## SUPPLIED INFORMATION

* * * * * * * * *

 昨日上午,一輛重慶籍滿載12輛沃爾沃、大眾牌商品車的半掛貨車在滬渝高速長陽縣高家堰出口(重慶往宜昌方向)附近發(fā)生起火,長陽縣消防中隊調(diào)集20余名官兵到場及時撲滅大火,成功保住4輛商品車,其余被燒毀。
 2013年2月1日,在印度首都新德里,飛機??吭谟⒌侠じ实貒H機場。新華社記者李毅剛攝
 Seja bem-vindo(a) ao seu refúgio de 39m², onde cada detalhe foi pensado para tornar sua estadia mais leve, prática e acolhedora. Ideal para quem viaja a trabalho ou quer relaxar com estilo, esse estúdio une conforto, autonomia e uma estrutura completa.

* * * * * * * * *

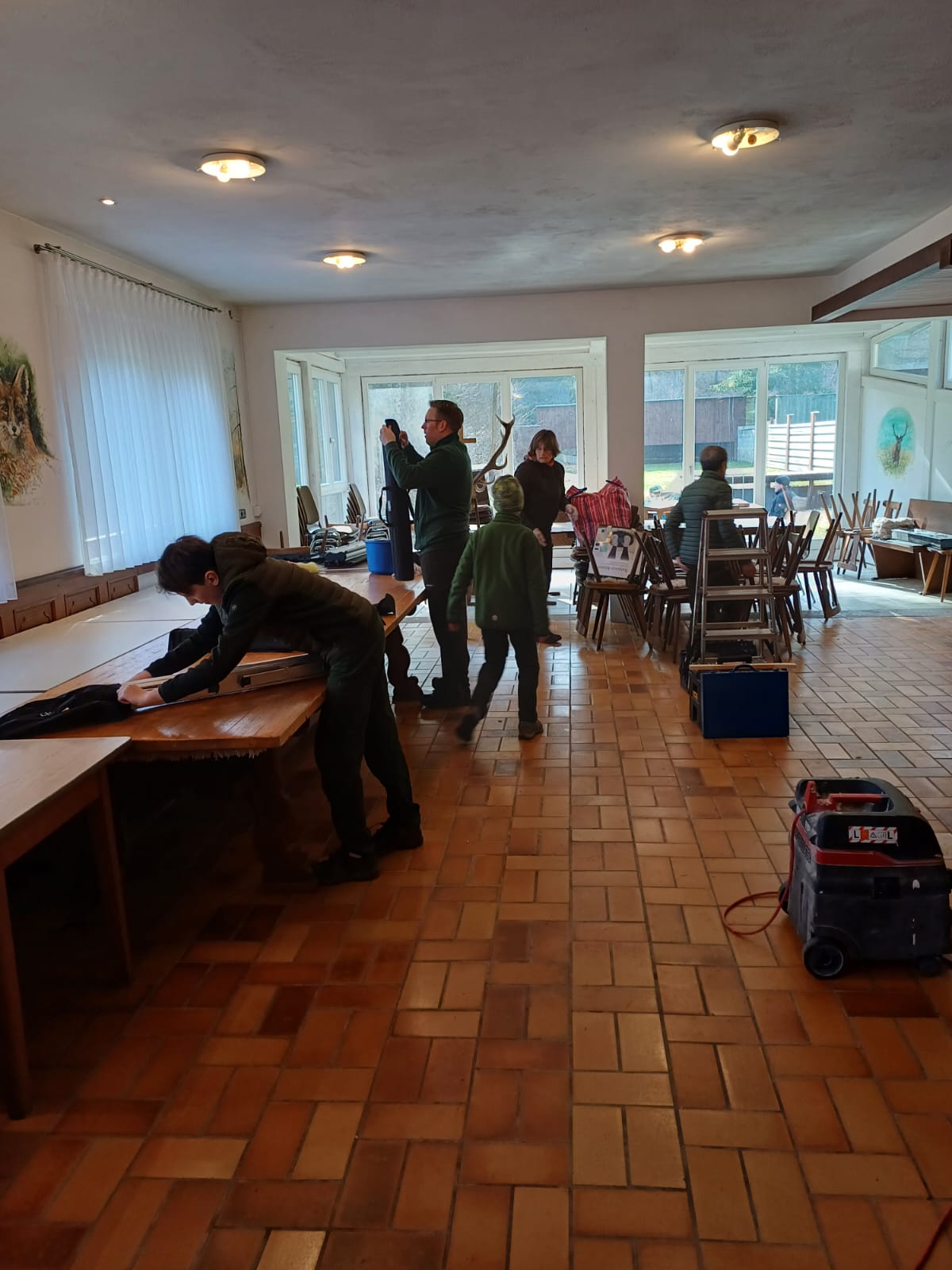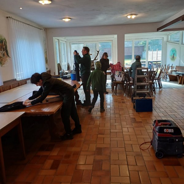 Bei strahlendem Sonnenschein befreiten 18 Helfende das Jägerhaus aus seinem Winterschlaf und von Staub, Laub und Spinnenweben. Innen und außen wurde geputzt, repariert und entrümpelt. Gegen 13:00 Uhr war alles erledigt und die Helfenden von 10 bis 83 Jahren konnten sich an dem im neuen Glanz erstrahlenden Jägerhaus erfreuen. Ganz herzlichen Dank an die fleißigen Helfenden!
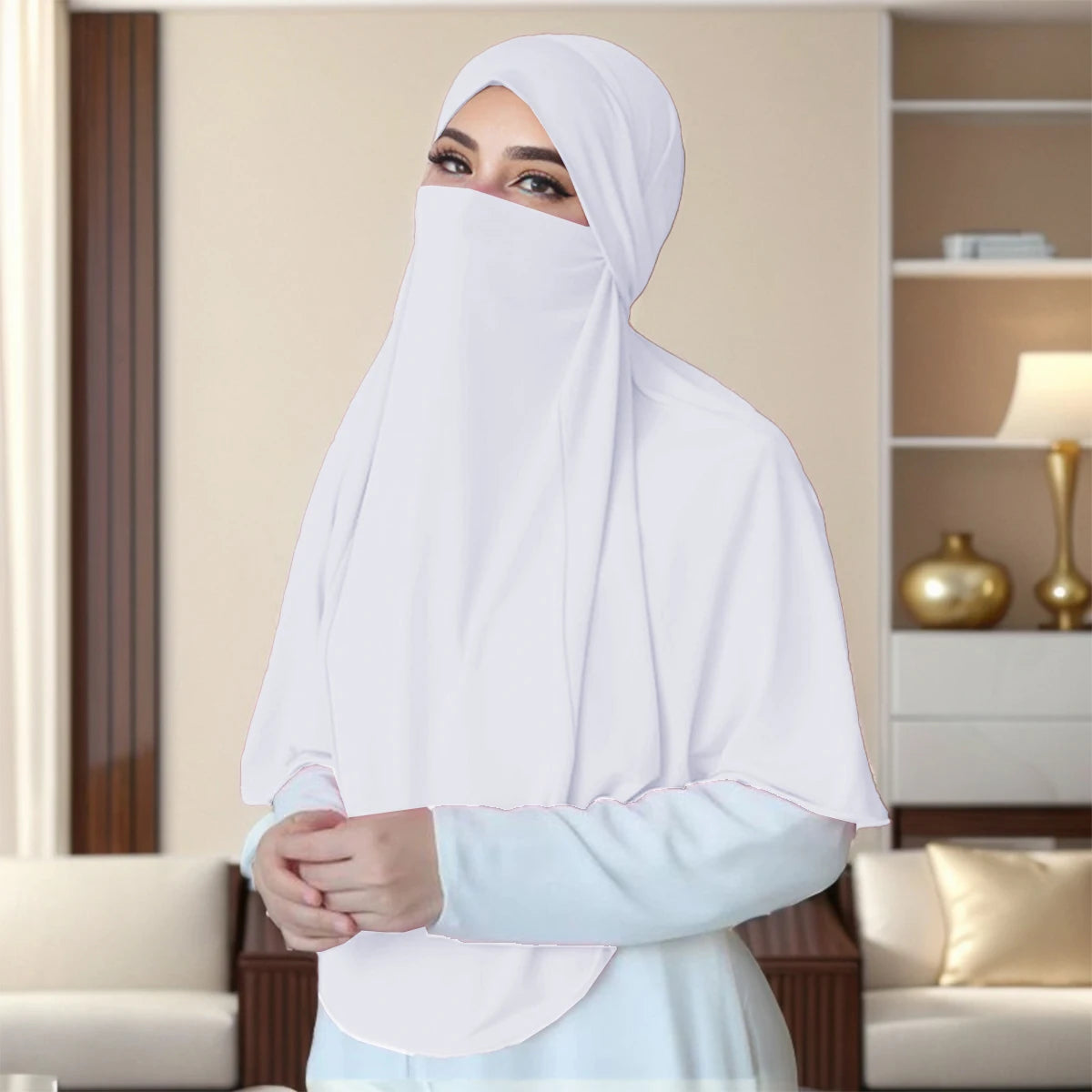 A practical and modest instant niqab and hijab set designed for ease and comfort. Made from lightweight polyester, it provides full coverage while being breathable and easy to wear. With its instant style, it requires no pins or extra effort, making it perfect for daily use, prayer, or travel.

* * * * * * * * *

## WORK ORDER
In the listing above, find the line containing "昨日上午,一輛重慶籍滿載12" and the line containing "Seja bem-vindo(a) ao", then retype both and every line between them exactly, with nothing else.

## PROBLEM SOLUTION
 昨日上午,一輛重慶籍滿載12輛沃爾沃、大眾牌商品車的半掛貨車在滬渝高速長陽縣高家堰出口(重慶往宜昌方向)附近發(fā)生起火,長陽縣消防中隊調(diào)集20余名官兵到場及時撲滅大火,成功保住4輛商品車,其余被燒毀。
 2013年2月1日,在印度首都新德里,飛機??吭谟⒌侠じ实貒H機場。新華社記者李毅剛攝
 Seja bem-vindo(a) ao seu refúgio de 39m², onde cada detalhe foi pensado para tornar sua estadia mais leve, prática e acolhedora. Ideal para quem viaja a trabalho ou quer relaxar com estilo, esse estúdio une conforto, autonomia e uma estrutura completa.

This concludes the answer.